2. Method for Producing Styrenic Resin Composition The styrenic resin composition of the present invention can be produced by adding an ether compound B to a styrenic resin A. Examples of the polymerization method for the styrene resin include known styrene polymerization methods such as a bulk polymerization method, a solution polymerization method, a suspension polymerization method, and an emulsion polymerization method. In terms of quality and productivity, bulk polymerization and solution polymerization are preferred, and continuous polymerization is preferred. As the solvent, for example, alkylbenzenes such as benzene, toluene, ethylbenzene and xylene, ketones such as acetone and methyl ethyl ketone, and aliphatic hydrocarbons such as hexane and cyclohexane can be used.

  At the time of polymerization of the styrene- (meth) acrylic acid copolymer resin, if necessary, a polymerization initiator such as a polymerization initiator, a chain transfer agent, a cross-linking agent, and other polymerization aids can be used. As the polymerization initiator, a radical polymerization initiator is preferable.
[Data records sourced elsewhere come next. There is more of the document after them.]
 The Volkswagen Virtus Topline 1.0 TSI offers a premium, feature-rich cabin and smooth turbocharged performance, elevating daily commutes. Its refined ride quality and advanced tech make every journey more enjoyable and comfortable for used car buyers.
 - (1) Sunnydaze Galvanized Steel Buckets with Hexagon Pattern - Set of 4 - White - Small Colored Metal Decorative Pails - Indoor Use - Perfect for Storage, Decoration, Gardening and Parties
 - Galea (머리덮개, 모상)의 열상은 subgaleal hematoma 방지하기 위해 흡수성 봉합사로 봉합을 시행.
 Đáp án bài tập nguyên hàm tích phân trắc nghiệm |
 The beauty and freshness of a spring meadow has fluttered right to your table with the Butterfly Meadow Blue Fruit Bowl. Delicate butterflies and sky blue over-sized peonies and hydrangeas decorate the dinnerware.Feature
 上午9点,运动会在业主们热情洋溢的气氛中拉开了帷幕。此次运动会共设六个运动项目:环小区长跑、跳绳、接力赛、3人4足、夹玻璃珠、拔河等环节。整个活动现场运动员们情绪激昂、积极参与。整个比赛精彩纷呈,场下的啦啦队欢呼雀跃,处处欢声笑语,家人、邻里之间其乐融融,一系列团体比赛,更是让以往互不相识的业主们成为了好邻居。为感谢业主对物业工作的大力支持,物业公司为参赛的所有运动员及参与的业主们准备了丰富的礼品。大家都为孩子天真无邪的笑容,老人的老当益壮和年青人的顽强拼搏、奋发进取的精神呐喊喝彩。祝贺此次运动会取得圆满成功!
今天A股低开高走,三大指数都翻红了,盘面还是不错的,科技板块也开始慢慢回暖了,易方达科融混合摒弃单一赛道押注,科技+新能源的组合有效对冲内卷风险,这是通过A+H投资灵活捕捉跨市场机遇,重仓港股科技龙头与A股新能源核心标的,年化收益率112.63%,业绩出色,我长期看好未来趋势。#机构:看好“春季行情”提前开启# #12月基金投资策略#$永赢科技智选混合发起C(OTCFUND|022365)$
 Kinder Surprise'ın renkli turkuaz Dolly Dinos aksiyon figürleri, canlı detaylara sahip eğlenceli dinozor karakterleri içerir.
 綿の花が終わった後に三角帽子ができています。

For example, known and commonly used 1,1-di (t-butylperoxy) cyclohexane, 2,2-di (t-butylperoxy) butane, 2,2- Peroxyketals such as di (4,4-di-t-butylperoxycyclohexyl) propane and 1,1-di (t-amylperoxy) cyclohexane; cumene hydroperoxide; t-butyl hydroperoxide; Alkyl peroxides such as hydroperoxides, t-butyl peroxyacetate, t-amyl peroxy isononanoate, t-butyl cumyl peroxide, di-t-butyl peroxide, dicumyl peroxide, di-t -Dialkyl peroxides such as hexyl peroxide, t-butylperoxyacetate; , Peroxyesters such as t-butylperoxybenzoate and t-butylperoxyisopropyl monocarbonate, and peroxycarbonates such as t-butylperoxyisopropyl carbonate and polyethertetrakis (t-butylperoxycarbonate) , N, N'-azobis (cyclohexane-1-carbonitrile), N, N'-azobis (2-methylbutyronitrile), N, N'-azobis (2,4-dimethylvaleronitrile), N, N '-Azobis [2- (hydroxymethyl) propionitrile] and the like, and one or more of these can be used in combination. Examples of the chain transfer agent include aliphatic mercaptan, aromatic mercaptan, pentaphenylethane, α-methylstyrene dimer, terpinolene, and the like.

  In the case of continuous polymerization, the styrene-based resin composition can be produced by a method including a polymerization step, a devolatilization step, and a granulation step.
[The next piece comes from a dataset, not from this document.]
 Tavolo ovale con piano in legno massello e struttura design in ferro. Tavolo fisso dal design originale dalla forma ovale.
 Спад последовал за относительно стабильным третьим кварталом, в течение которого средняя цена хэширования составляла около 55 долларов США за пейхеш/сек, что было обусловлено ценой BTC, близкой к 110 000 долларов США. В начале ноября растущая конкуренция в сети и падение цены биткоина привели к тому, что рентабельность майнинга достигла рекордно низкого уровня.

  First, in a polymerization step, a polymerization reaction is controlled by adjusting a polymerization temperature or the like so as to obtain a target molecular weight, a molecular weight distribution, and a reaction conversion using a well-known complete mixing tank type stirring tank, a tower type reactor or the like.

  The polymerization solution containing the polymer that has left the polymerization step is transferred to a devolatilization step to remove unreacted monomers and a polymerization solvent. The devolatilization process includes a vacuum devolatilization tank with a heater, a devolatilization extruder with a vent, and the like. The polymer in the molten state that has exited the devolatilization step is transferred to the granulation step. In the granulation step, the molten resin is extruded into a strand shape from a porous die, and processed into a pellet shape by a cold cut method, an air hot cut method, or an underwater hot cut method.
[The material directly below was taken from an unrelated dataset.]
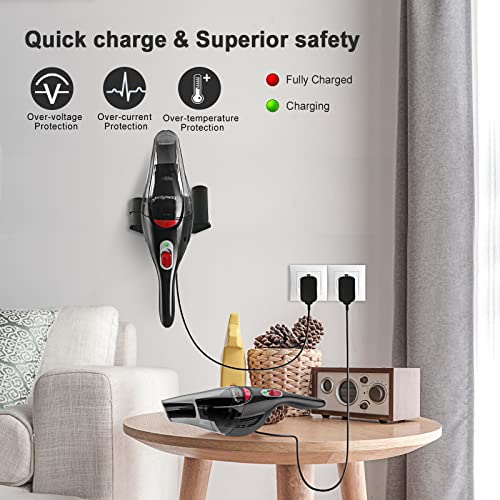 Lightweight and easy to use: this wireless handheld vacuum cleaner weighs only 1.84 pounds. With the convenient handle and one-touch design, you can easily clean your home, car and office. EASY TO STORE – Space saving wall mount allows for easy storage when charging or not in use.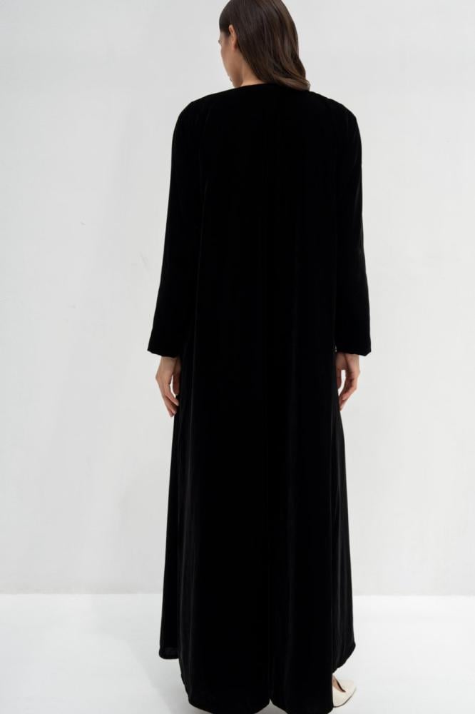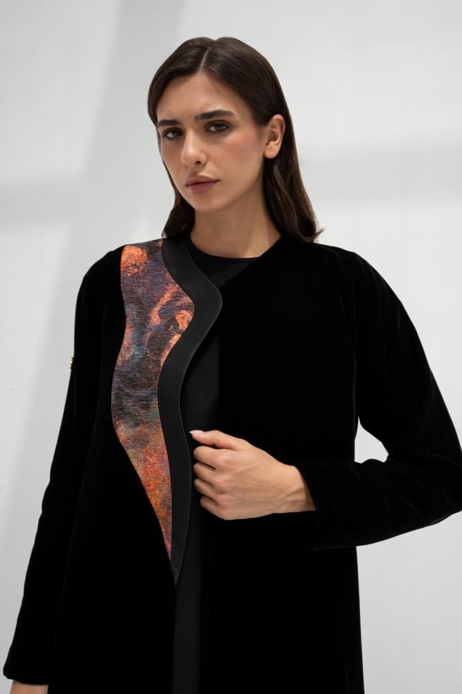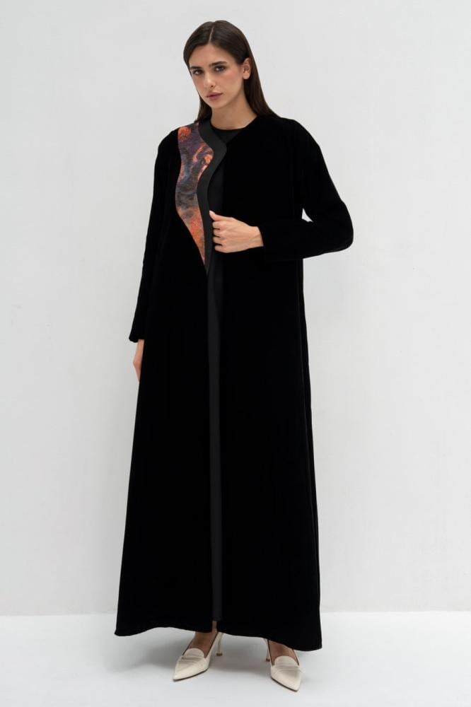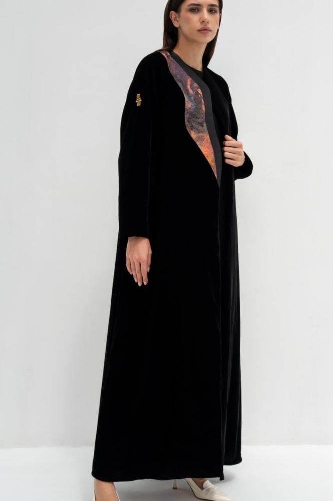 وصف العباية: عباية مخمل أسود كوري مبطنه بالكامل محدده بتفته فرنسي أسود واورنج

It is preferable to add the ether compound B before or during the devolatilization step. Specifically, the ether compound B is preferably added by any of the following methods (1) to (4).
(1) It is added to the raw material monomer mixture.
(2) Add during the polymerization step.
(3) Add to the polymerization solution after the polymerization step.
(4) When the devolatilization step is composed of two stages, and the resin temperature of the first stage is lower than 200 ° C., it is added between the first stage and the second stage.

3. Uses of styrene resin composition The styrene resin composition of the present invention can be formed into a molded product by a molding method according to the purpose, such as injection molding, extrusion molding, compression molding, blow molding, and the shape thereof is limited. Not something. For example, if it is a plate-like molded product, it can be processed into a light guide plate or the like.

  Hereinafter, the present invention will be specifically described with reference to examples, but the present invention is not limited to these examples.

1. Measurement method (1) Measurement of methacrylic acid unit content 0.5 g of a styrene resin composition was weighed and dissolved in a mixed solution of toluene / ethanol = 8/2 (volume ratio), and then 0.1 mol / L of potassium hydroxide. Neutralization titration was performed with an ethanol solution, the end point was detected, and the content of methacrylic acid unit on a mass basis was calculated from the amount of the potassium hydroxide ethanol solution used.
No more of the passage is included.